BHydden · April 14, 2021, 5:15pm

We have an api

Vsotvep · April 14, 2021, 10:44pm

Looks a lot closer to normal, though, that first one.

gennan · April 15, 2021, 6:04am

Or perhaps a logistic distribution? The tails look a bit heavy for a normal distribution.

Nickj · April 15, 2021, 10:21am

Thank you for assembling the data and getting it into a nice chart! Appreciated.

n0w3l · April 15, 2021, 2:23pm

awesome!! thanks!!!
(I knew there was a api, but I thought it was intended for other things… when I get some free time I’ll check it out)
Thanks!!!

DVbS78rkR7NVe · April 18, 2021, 9:39am

Highest rated account is Handibot[9d+], by the way. Looks like it got the rank from beating Sai repeatedly.
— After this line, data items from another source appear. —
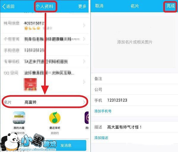 4、另外我们还可以在QQ好友的“个人资料”页面修改电子名片,如图所示。
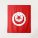 Drapeau de la Tunisie: Majoritairement rouge, il comporte en son milieu un disque blanc où figure un croissant rouge qui entoure une étoile à cinq branches.
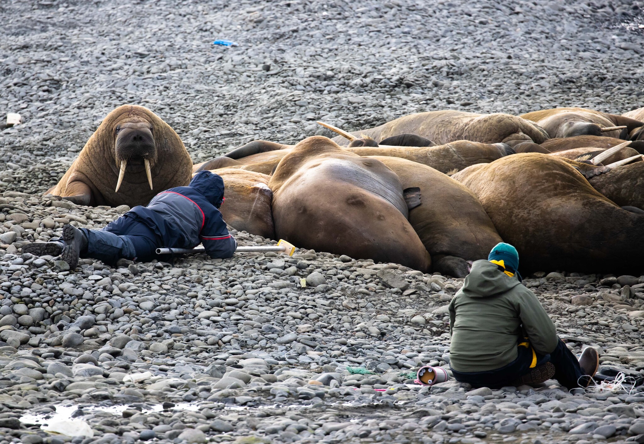 Вдоволь наскоблившись медведей, учёные отправляют за моржами. Моржей найти немного легче, потому что медведи обычно одиноко бредут, а моржи коллективно лежат. Тысячу лежащих на берегу моржей видно издалека — с высоты они выглядят как размазанный по дну скороводки бурый рис.
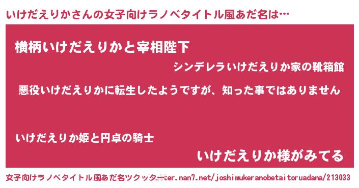 | 男性向けラノベタイトル風あだ名 | 『この素晴らしい世界にいけだえりかを!』 |
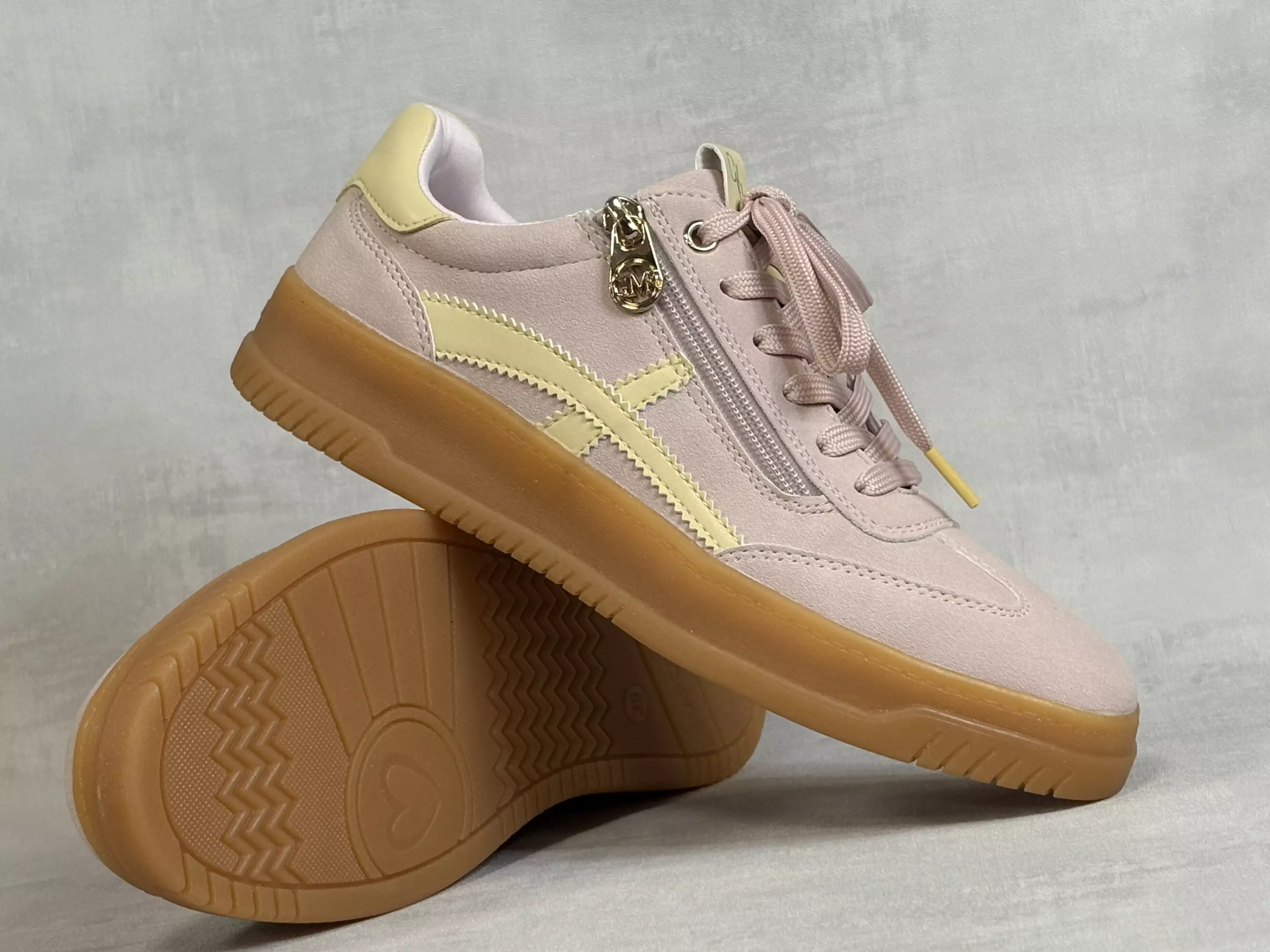 Vaaleanpunaiset Marco Tozzi x Guido Maria Kretschmer kävelykengät. Vaaleankeltaiset yksityiskohdat. Nauhat ja ulkosyrjälle sijoitettu vetoketju kullan värisellä vetimellä. Vaihdettavat pohjalliset, joten tarvittaessa sujautat kenkiin helposti omia tarpeitasi parhaitenv astaavat pohjalliset. Lestimitoitus normaali G. Kannan korkeus noin 3cm ja pohjan korkeus päkiän alta noin 2cm.
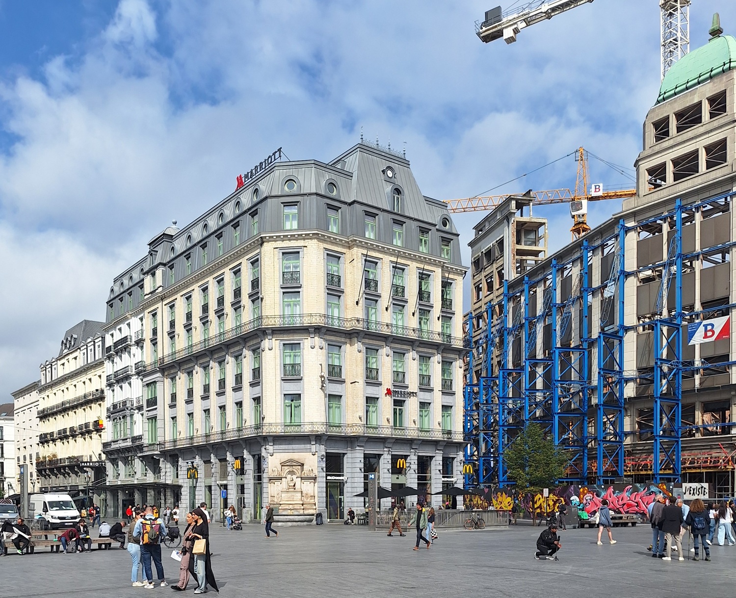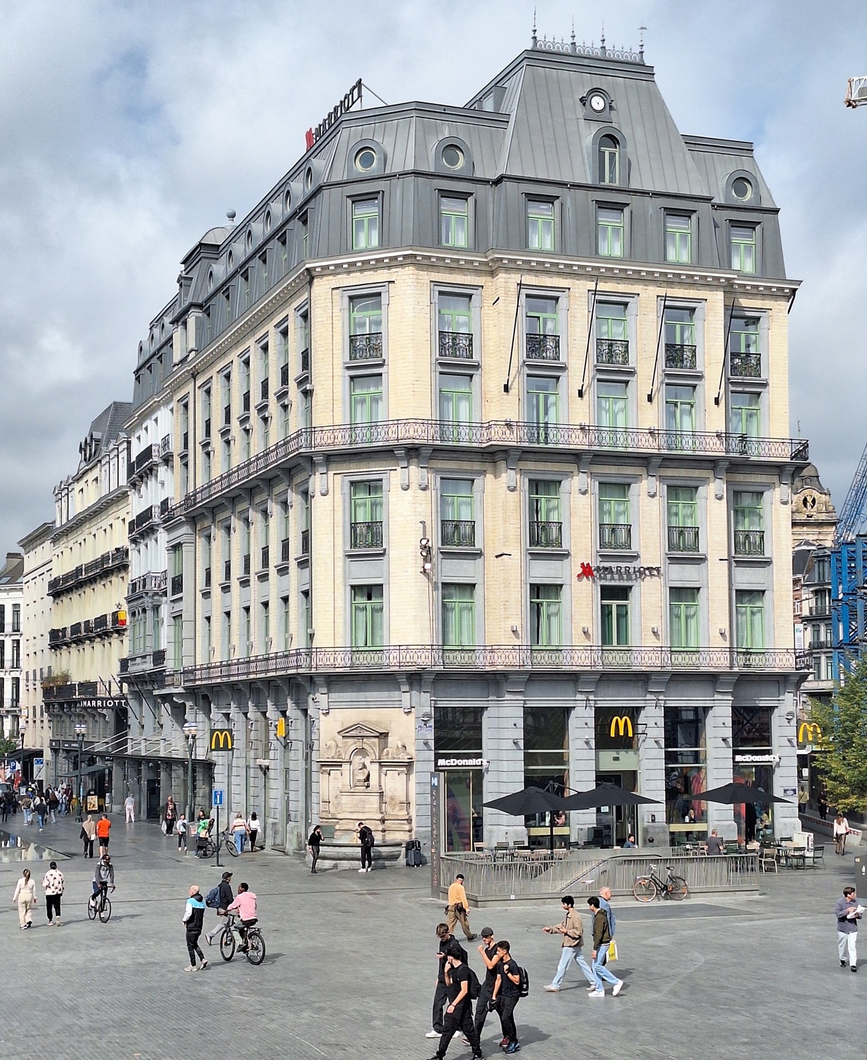 MonumentaalZuilen of pilasters die over de volle hoogte of over meer dan één verdieping opgaan, onafhankelijk van de door vensters en bouwlagen gegeven maten. hoekgebouw in eclectischeVeel voorkomende stijl (ca. 1850-1914) die inspiratie put uit verschillende architectuurstijlen uit het verleden. Komt door de combinatie van enerzijds verschillende stijlelementen en anderzijds nieuwe technieken en materialen tot een unieke eigentijdse creatie. stijl, samen met het tegenoverliggende, gelijkaardige nr. 2, de ingang van de Auguste Ortsstraat markerend. Omvat vijf bouwlagen, zes + één + vijf traveeënVerticale geleding van een gevel, bepaald door afstand tussen twee opeenvolgende steunpunten (vb. muurdammen, zuilen, ...) onder mansardedakGebroken kap of Frans dak met met steile ondervlakken en licht hellende bovenvlakken.. Lijstgevel van witte natuursteen op de sokkelvormende onderbouwHoge sokkel, reikend tot ongeveer het midden van de toegang; meestal in hardsteen. van hardsteen. Geleding van de hoofdgevel (Beursplein) door middel van een drie traveeënVerticale geleding van een gevel, bepaald door afstand tussen twee opeenvolgende steunpunten (vb. muurdammen, zuilen, ...) breed risalietRisaliet (Italiaans, van risalto: uitstekend deel), vooruitspringend volume van een gevel dat over de hele hoogte doorloopt en soms hoger is; naar gelang de positie worden er midden-, zij- en hoekrisalieten onderscheiden. verhoogd met een belvédère, idem in uiterst linkertravee (Auguste Ortsstraat). Bovenverdieping gegroepeerd in twee registersVensterstrook in een topgevel. aangegeven door verticaal oplopende vensternissen en oorspronkelijk belijnd met omlopende gevelbrede balkons aan tweede en vierde bouwlaag cf. afgezaagde consolesVoornamelijk voluut- of S-vormig kraagstuk, soms ook louter decoratief.. Rechthoekige bovenvensters in doorlopende riemomlijsting met orenUitstekend deel van sommige bouwelementen of -constructies, meestal louter decoratief. en geprofileerde dorpelOnderdorpel van een deur. ; gietijzerenHard, bros en niet smeedbaar ijzer; gegoten in herbruikbare mallen; meestal gebruikt voor de borstwering van balkons. borstweringen1. Verhoogd gedeelte van een vestingsmuur waarachter men veilig kan lopen; - 2. Muurtje of hekwerk (balkon, terras); - 3. Deel van een muur tussen vloer en onderzijde van een venster; - 4. Verhoging van de buitenmuren van een huis boven de zolderbalken waarop een muurplaat rust. bij derde en vijfde bouwlaag Gevelbeëindiging door middel van een gekorniste kroonlijstStelselmatig uitkragende geprofileerde lijst boven een muur of een ander belangrijk bouwdeel (entablement). op klossenKraagstuk van een kroonlijst met verfijnd uitgesneden en/of gefreesd hangend element of drop.. DakkapellenUit het dakvlak opgaand venster; meestal in hout en vaak onder spitse kap. met deels bewaard gebogen frontonDriehoekige of segmentvormige bekroning van een gevel of muuropening.. Begane grond van geblokte pilastersPlatte, weinig uitspringende muurpijler, vaak met basis en kapiteel., met entresol, slechts verbouwd in uiterste traveeënVerticale geleding van een gevel, bepaald door afstand tussen twee opeenvolgende steunpunten (vb. muurdammen, zuilen, ...) van zijgevels; brede rondboogdeur in de rechtertravee (Paul Devauxstraat). Hoofdgevel voorheen nog gemarkeerd door een breed terras op gietijzerenHard, bros en niet smeedbaar ijzer; gegoten in herbruikbare mallen; meestal gebruikt voor de borstwering van balkons. zuilenCilindervormig steunpunt; vaak voorzien van basis en kapiteel. De kleine en/of dunne variant ervan wordt colonnet genoemd..

ronin3 · April 18, 2021, 10:02am

Random shower thought: I wonder if we can get somebody do to the same for other servers? I do realise it would be a mistake to try and combine the data - as some players may have accounts on both servers, but still

DVbS78rkR7NVe · April 18, 2021, 4:41pm

It’s a natural thought but whoever knows API for all those other servers.